== Segment start ==

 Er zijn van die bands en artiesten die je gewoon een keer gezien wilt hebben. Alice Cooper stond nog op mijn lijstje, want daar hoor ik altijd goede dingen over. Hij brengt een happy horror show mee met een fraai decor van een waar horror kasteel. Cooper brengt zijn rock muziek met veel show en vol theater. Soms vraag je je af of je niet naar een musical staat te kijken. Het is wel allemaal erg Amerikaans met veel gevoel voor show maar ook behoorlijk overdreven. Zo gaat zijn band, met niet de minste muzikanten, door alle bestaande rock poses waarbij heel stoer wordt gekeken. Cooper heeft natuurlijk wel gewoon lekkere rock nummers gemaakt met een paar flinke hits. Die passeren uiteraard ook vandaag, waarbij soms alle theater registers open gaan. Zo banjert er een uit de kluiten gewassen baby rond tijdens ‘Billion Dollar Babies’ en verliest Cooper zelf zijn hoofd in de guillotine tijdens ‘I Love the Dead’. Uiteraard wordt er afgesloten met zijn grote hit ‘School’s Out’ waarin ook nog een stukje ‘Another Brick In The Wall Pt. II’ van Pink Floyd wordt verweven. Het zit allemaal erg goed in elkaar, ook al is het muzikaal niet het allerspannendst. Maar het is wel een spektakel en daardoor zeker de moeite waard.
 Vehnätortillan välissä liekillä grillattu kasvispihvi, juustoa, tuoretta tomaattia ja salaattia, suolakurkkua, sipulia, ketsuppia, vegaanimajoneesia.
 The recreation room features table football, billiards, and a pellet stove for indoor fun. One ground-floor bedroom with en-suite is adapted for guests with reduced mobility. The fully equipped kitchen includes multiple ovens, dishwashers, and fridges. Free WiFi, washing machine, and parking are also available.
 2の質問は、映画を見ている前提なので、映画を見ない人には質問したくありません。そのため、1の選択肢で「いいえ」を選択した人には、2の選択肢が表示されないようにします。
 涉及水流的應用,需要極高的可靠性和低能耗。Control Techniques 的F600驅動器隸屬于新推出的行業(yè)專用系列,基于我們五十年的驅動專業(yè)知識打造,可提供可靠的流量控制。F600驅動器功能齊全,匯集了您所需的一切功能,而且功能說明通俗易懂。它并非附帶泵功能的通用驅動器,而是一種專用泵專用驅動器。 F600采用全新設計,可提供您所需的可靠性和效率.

== Segment end ==

» HOW TO COMPLETE THIS TASK: Reproduce each line of the material above precisely.

» SOLUTION TO THIS PROBLEM:
 Er zijn van die bands en artiesten die je gewoon een keer gezien wilt hebben. Alice Cooper stond nog op mijn lijstje, want daar hoor ik altijd goede dingen over. Hij brengt een happy horror show mee met een fraai decor van een waar horror kasteel. Cooper brengt zijn rock muziek met veel show en vol theater. Soms vraag je je af of je niet naar een musical staat te kijken. Het is wel allemaal erg Amerikaans met veel gevoel voor show maar ook behoorlijk overdreven. Zo gaat zijn band, met niet de minste muzikanten, door alle bestaande rock poses waarbij heel stoer wordt gekeken. Cooper heeft natuurlijk wel gewoon lekkere rock nummers gemaakt met een paar flinke hits. Die passeren uiteraard ook vandaag, waarbij soms alle theater registers open gaan. Zo banjert er een uit de kluiten gewassen baby rond tijdens ‘Billion Dollar Babies’ en verliest Cooper zelf zijn hoofd in de guillotine tijdens ‘I Love the Dead’. Uiteraard wordt er afgesloten met zijn grote hit ‘School’s Out’ waarin ook nog een stukje ‘Another Brick In The Wall Pt. II’ van Pink Floyd wordt verweven. Het zit allemaal erg goed in elkaar, ook al is het muzikaal niet het allerspannendst. Maar het is wel een spektakel en daardoor zeker de moeite waard.
 Vehnätortillan välissä liekillä grillattu kasvispihvi, juustoa, tuoretta tomaattia ja salaattia, suolakurkkua, sipulia, ketsuppia, vegaanimajoneesia.
 The recreation room features table football, billiards, and a pellet stove for indoor fun. One ground-floor bedroom with en-suite is adapted for guests with reduced mobility. The fully equipped kitchen includes multiple ovens, dishwashers, and fridges. Free WiFi, washing machine, and parking are also available.
 2の質問は、映画を見ている前提なので、映画を見ない人には質問したくありません。そのため、1の選択肢で「いいえ」を選択した人には、2の選択肢が表示されないようにします。
 涉及水流的應用,需要極高的可靠性和低能耗。Control Techniques 的F600驅動器隸屬于新推出的行業(yè)專用系列,基于我們五十年的驅動專業(yè)知識打造,可提供可靠的流量控制。F600驅動器功能齊全,匯集了您所需的一切功能,而且功能說明通俗易懂。它并非附帶泵功能的通用驅動器,而是一種專用泵專用驅動器。 F600采用全新設計,可提供您所需的可靠性和效率.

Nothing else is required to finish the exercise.